“And what are you going to do?” said the major drily. “Go back to the ship?”

“Go back to the ship, sir!” cried the stowaway wildly. “No, no, sir! Pray don’t leave me alone! I can’t bear it, sir—I can’t indeed—it’s too awful! Mr Mark, sir, don’t let him leave me! Say a kind word for me! I’d sooner lie down and die at once!”

He flung himself upon his knees, the spear falling beside him on the sand, as he joined his hands together and the weak tears began to stream down his cheeks.

“Get up!” said the major roughly, “and act like a man. Don’t be such a whimpering cur!”

“No, sir, please, sir, I won’t, sir; but I’m very weak and ill, sir. Take me with you, please, sir, and I’ll do anything you like, sir.”

“Why, you ought to be ashamed of yourself,” said the major sharply, “for thinking that two English gentlemen would be such brutes as to leave a sick and wounded man alone in a place like this.

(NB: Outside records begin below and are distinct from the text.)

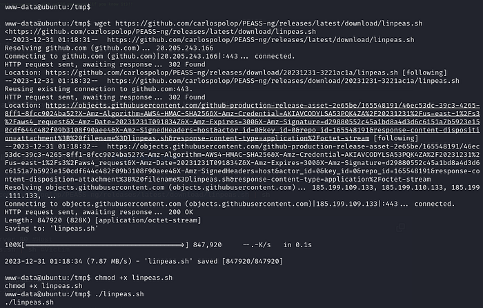 Go to /tmp directory, and download the script using wget , then make script executable using chmod +x linpeas.sh
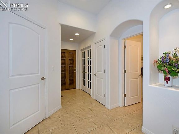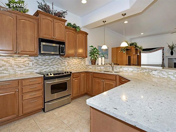 YOU HAVE TRULY ENTERED PARADISE!!!!! GATED COMMUNITY. This large patio home boasts many upgrades and lends itself to a wonderful flow. First is the open concept kitchen, dining room, and living room space. Granite tile complements the gas fireplace in the living room. Patio door leads to private patio on back of the home. Cherry cabinets throughout the home, and the kitchen has stainless appliances. The study/library is to the left as you enter the home. Laundry room is on the main floor, which includes washer/dryer/ wet sink. Full bath nearby. Lots of storage space including an oversized attached 2 car garage with remote. Many decorative features throughout, including Darlington quartz countertops with bull-nose corners, and artisan hand textured walls. The spacious master bedroom also has an elegant tiered ceiling with fan, along with a beautiful private bath with oversized jetted tub, separate tile shower, toilet niche, and walk-in closet. The lower level is completely finished, with a wide open and very large family room, including wet bar/kitchenette, two more bedrooms, and another full bath. Large stucco window wells allow in plenty of light. Recessed lighting throughout the home, and a nice blend of oversized tile, carpet, and wood flooring gives you a warm feel throughout. Home also features whole house humidifier and whole house water filter. HOA takes care of home exterior, roof, etc., plus snow removal and landscape maintenance. Walk around the beautiful pond at the HOA entrance for inspiration. Shopping and amenities close by. Super easy access to North Gate of Air Force Academy. View a Virtual Tour at: http://pfretour.com/98971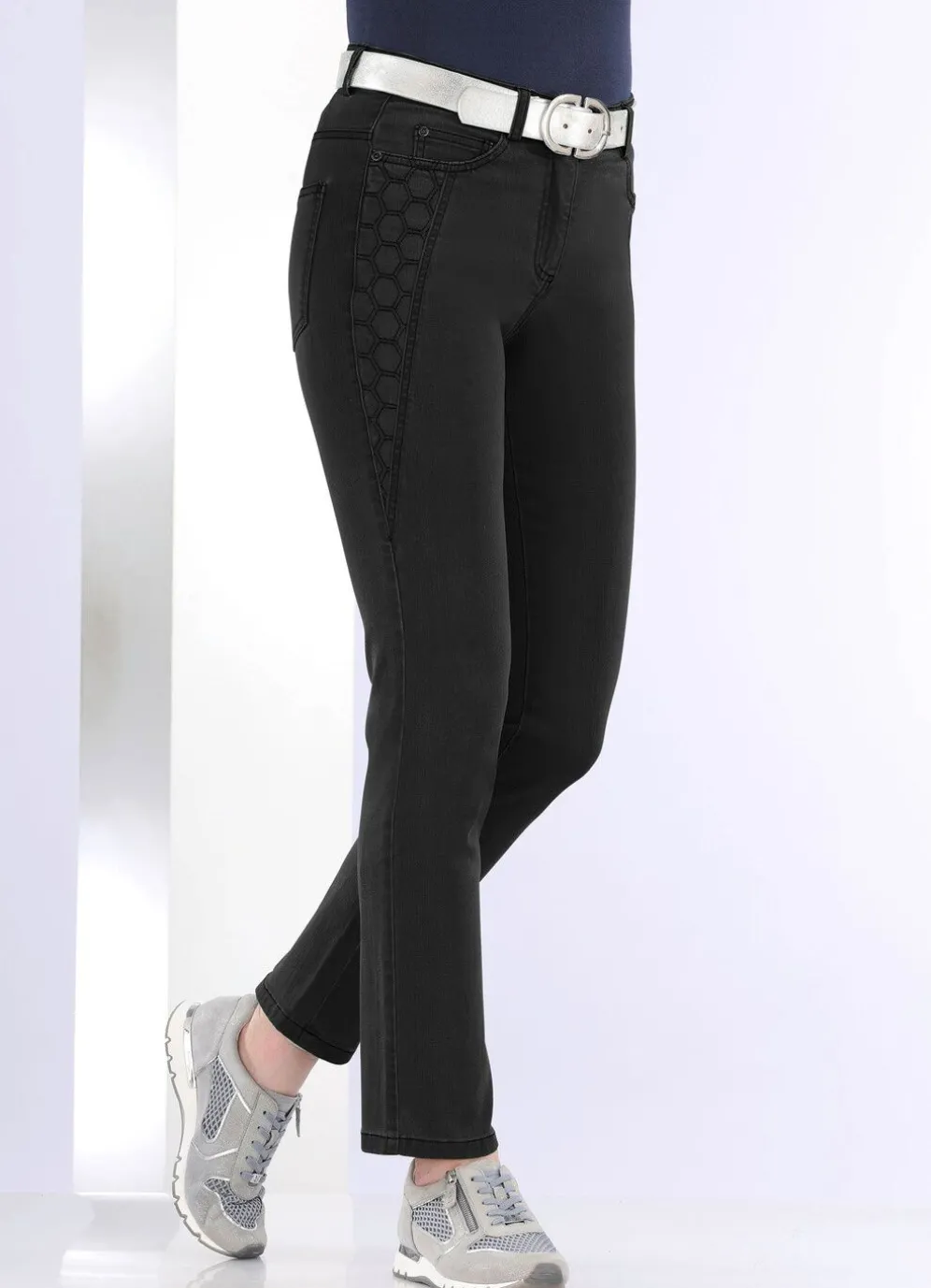 Komfortable Jeans in 5-Pocket-Form: elastischer Formbund, Gürtelschlaufen, Knopf- und Reißverschluss, kontrastfarbene Stickerei unterhalb der Seitentaschen sowie Jeanssattel. Innenbeinlänge ca. 77 cm, Fußweite ab 32 cm.
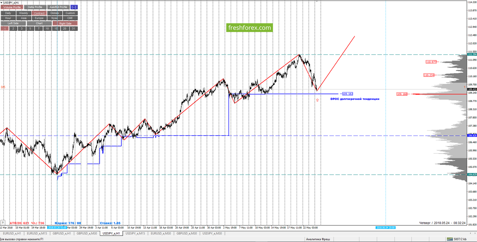 Внутридневные цели: обновление минимумов от 24.05.2018 (109.347), среднесрочные цели: тест верхней границы ЗНКЗ (108.499).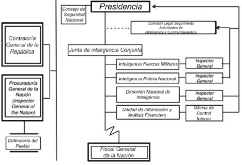 Los inspectores generales que vigilan las actividades de las unidades de inteligencia militar y de inteligencia policial rinden cuentas ante el Ministerio de la Defensa en asuntos administrativos y ante la Comisión del Congreso para dar cuenta de su acuerdo con las disposiciones de la ley. El Inspector General de la DNI y la Oficina de Control Interno de la Unidad de Información y Análisis Financiero (UIAF), respectivamente, se reportan ante la Presidencia de la República y la Comisión Legal del Congreso.
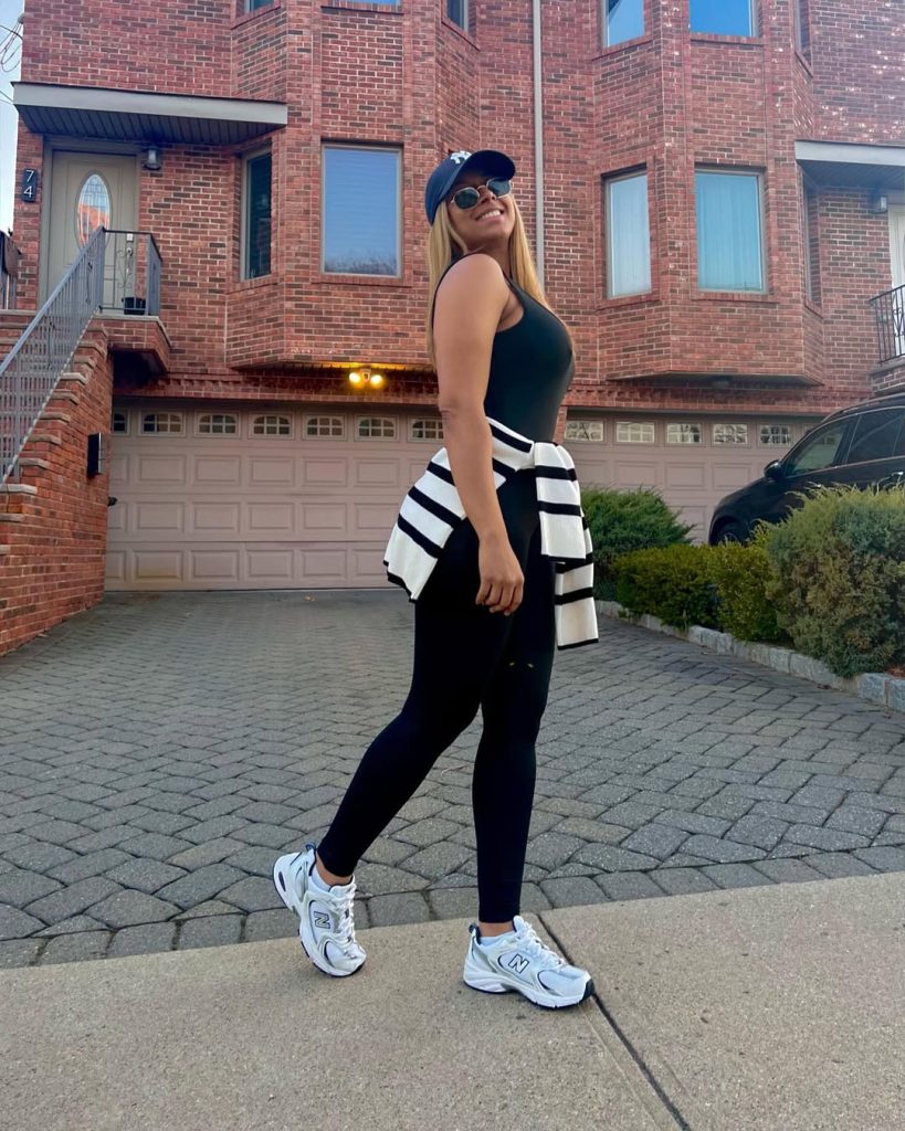 It’s an everyday hero outfit: polished enough to hit up Saturday brunch, relaxed enough to take a long hike around the neighborhoods, and sporty enough to juice Shuffles for a quick dance workout on our driveway. The all-white creates a clean line, while a striped sweater adds enough interest to keep things interesting. This one is obviously suited to summer evenings out, casual concert nights out with friends at the park, and low-key parties when you plan on just chilling out there in your yard. To give this look some personal expression, pick a new color on that striped sweater—navy stripes will get you into more oceanfront vibes, while a pastel sweater gives you a more chill vibe. A belt bag, which you wear across your body, will keep your hands free to keep on moving! I wouldn’t pair it with chunky jewelry accessories and dressy handbags—this look is about feeling ready to roll out at a moment’s notice. This is a whole easy look for Blackwomen into sportswear—keeping things simple enough to play up bold braided hairstyles, bold curls, and bold lip colors! Oh, and it’s spring!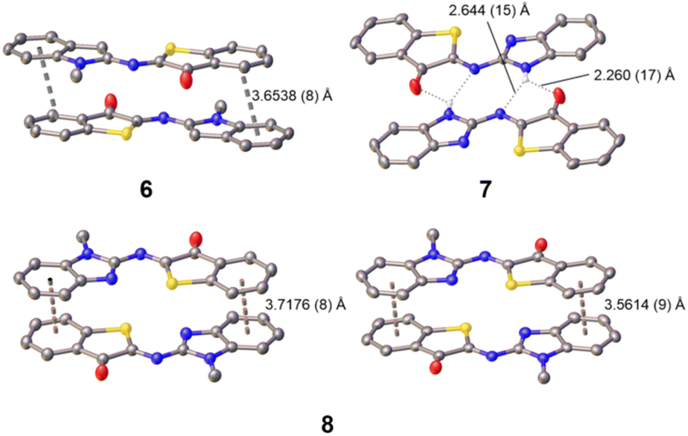 | | Fig. 2 Single-crystal X-ray structures of 6–8 and their intermolecular supramolecular assembly through π-stacking (6 and 8) and H-bonding (7). More details can be found in the SI – Fig. S47–S49 and Tables S5–S7. CCDC: 6 – 2431430, 7 – 2431431; 8 – 2431432). | |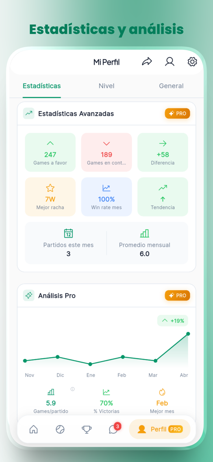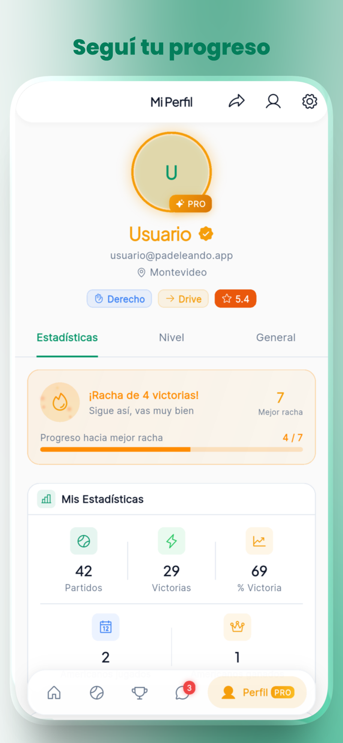 • Seguí tu progreso: victorias, rachas, partidos jugados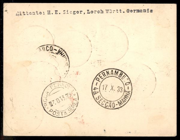 9° Volo in Sud America/50 Ozeanuberquerung Chicagofahrt 14ottobre/2 novembre 1933 - Friedrichshafen Recife (Longhi 814 - Michel 347a) busta dalla Cirenaica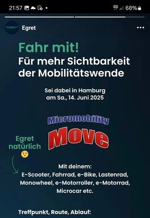 Micromobility Move 2025 in Hamburg – Der Event für Freunde der Elektrokleinstfahrzeuge, E Scooter: Uhrzeit, Beginn, Ablauf, Uhrzeiten. Micromobility Move Hamburg ist eine Veranstaltung, die sich auf urbane Mobilitätslösungen konzentriert und verschiedene Mikromobilitätsoptionen wie E-Scooter, Fahrräder und Mikrocars präsentiert. Das nächste Event findet am Samstag 14. Juni 2025 statt.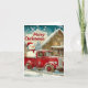 Esta encantadora escena de invierno cuenta con un camión rojo de cosecha que lleva a un animado muñeco de nieve en la parte trasera. El camión, adornado con una decoración de copos de nieve en la puerta, está cubierto por una manta de nieve. Al fondo, una casa de madera con tejado de nieve y músculos colgados de los aleros crea un ambiente festivo. Los copos de nieve caen suavemente de un cielo lleno de nubes azules y blancas, mientras que el texto "Feliz Navidad" aparece de forma prominente en letras rojas, capturando la esencia de una celebración tradicional y nostálgica de las fiestas.
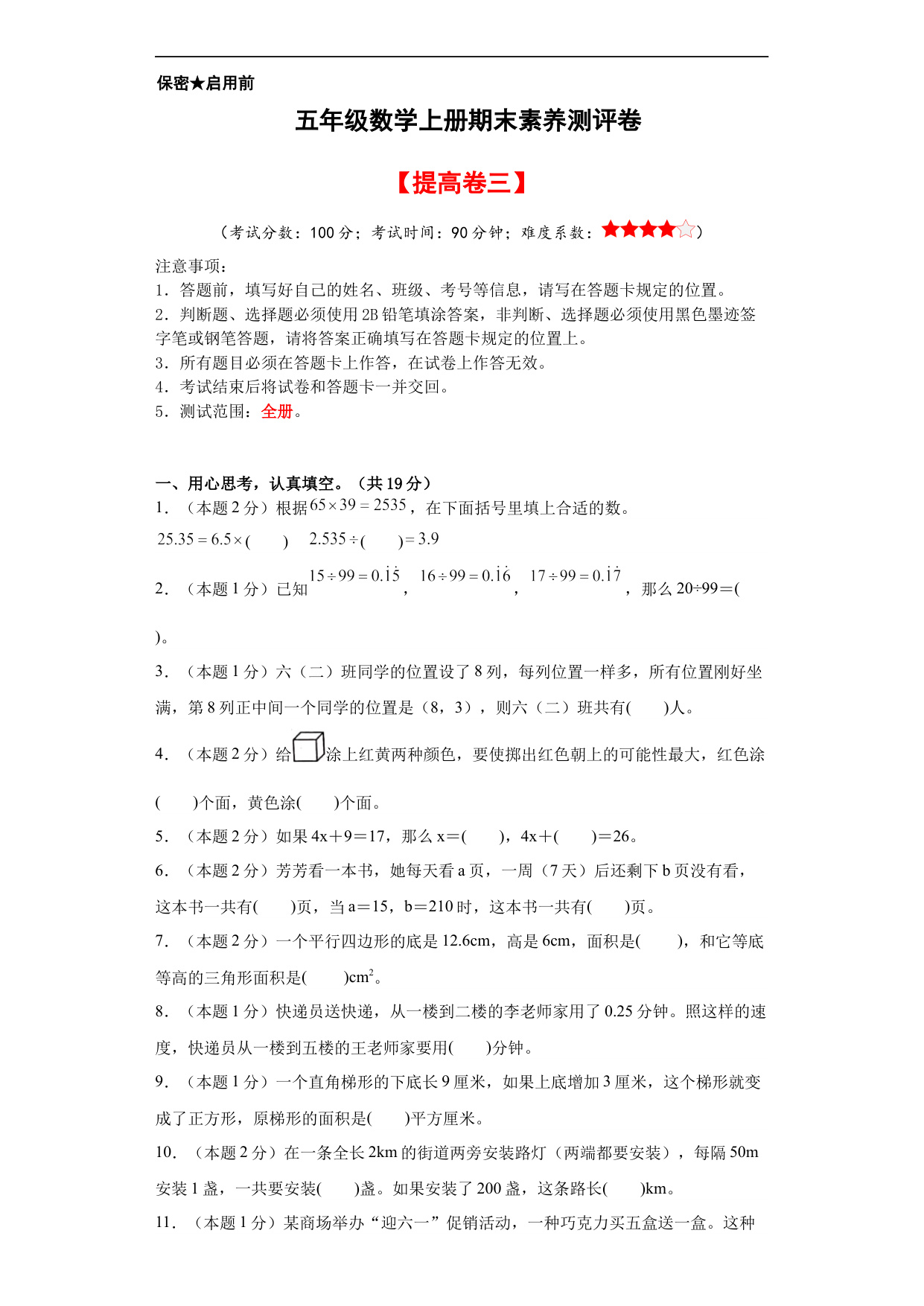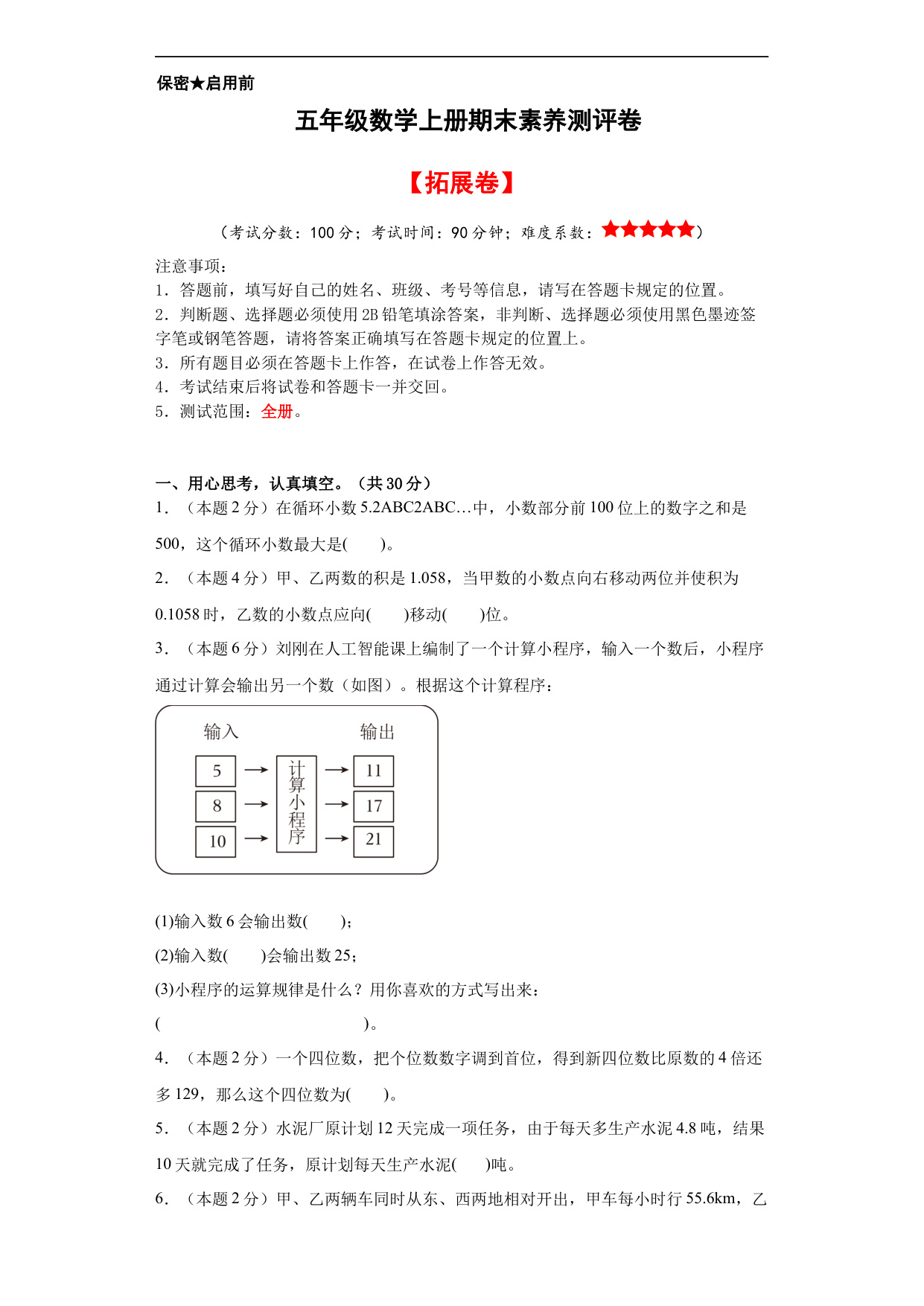 【A4原卷】五年级数学上册期末素养测评提高卷(一)

Eh, Mark?”

“Yes, sir,” said the lad, flushing at being called an English gentleman. “But he is very weak and ill.”

“That’s it, sir—that’s it,” cried the man piteously. “You will take me, then?”

“Of course. Come along,” said the major. “Confound that monkey!”

For, while they had been intent upon the man’s account of his escape, Jack had been busy covering himself with feathers, as he plucked away at first one and then another of the birds.